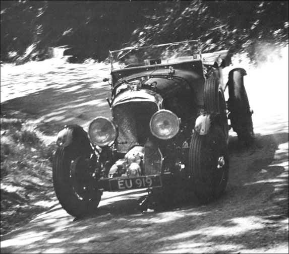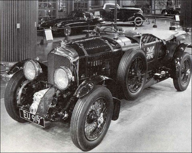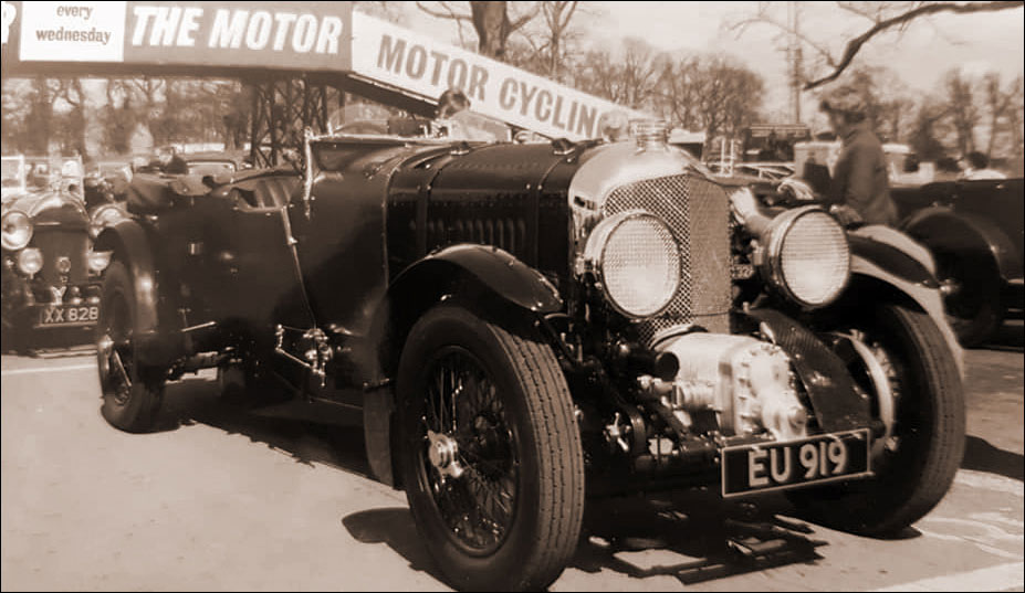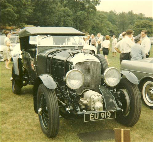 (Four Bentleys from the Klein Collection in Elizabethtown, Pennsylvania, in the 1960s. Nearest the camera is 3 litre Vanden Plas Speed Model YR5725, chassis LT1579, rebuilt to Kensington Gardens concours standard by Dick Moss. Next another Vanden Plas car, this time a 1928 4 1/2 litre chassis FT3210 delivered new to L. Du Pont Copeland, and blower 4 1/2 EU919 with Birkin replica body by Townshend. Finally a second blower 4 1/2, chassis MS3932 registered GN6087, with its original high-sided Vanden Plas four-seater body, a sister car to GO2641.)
--
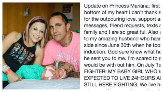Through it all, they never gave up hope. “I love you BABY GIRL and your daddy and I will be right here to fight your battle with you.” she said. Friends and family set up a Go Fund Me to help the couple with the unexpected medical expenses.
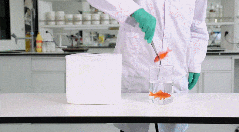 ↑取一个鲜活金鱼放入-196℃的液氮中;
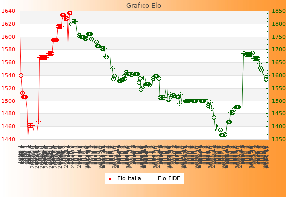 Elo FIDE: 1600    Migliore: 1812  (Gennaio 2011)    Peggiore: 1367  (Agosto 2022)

> TASK ITEM: Write down exactly what the lines above say, from the line holding "Through it all, they" through the line holding "Elo FIDE: 1600    Migliore: 1812  (Gennaio", and nothing more. Do not copy the pictures.

> EXERCISE SOLUTION:
Through it all, they never gave up hope. “I love you BABY GIRL and your daddy and I will be right here to fight your battle with you.” she said. Friends and family set up a Go Fund Me to help the couple with the unexpected medical expenses.
 ↑取一个鲜活金鱼放入-196℃的液氮中;
 Elo FIDE: 1600    Migliore: 1812  (Gennaio 2011)    Peggiore: 1367  (Agosto 2022)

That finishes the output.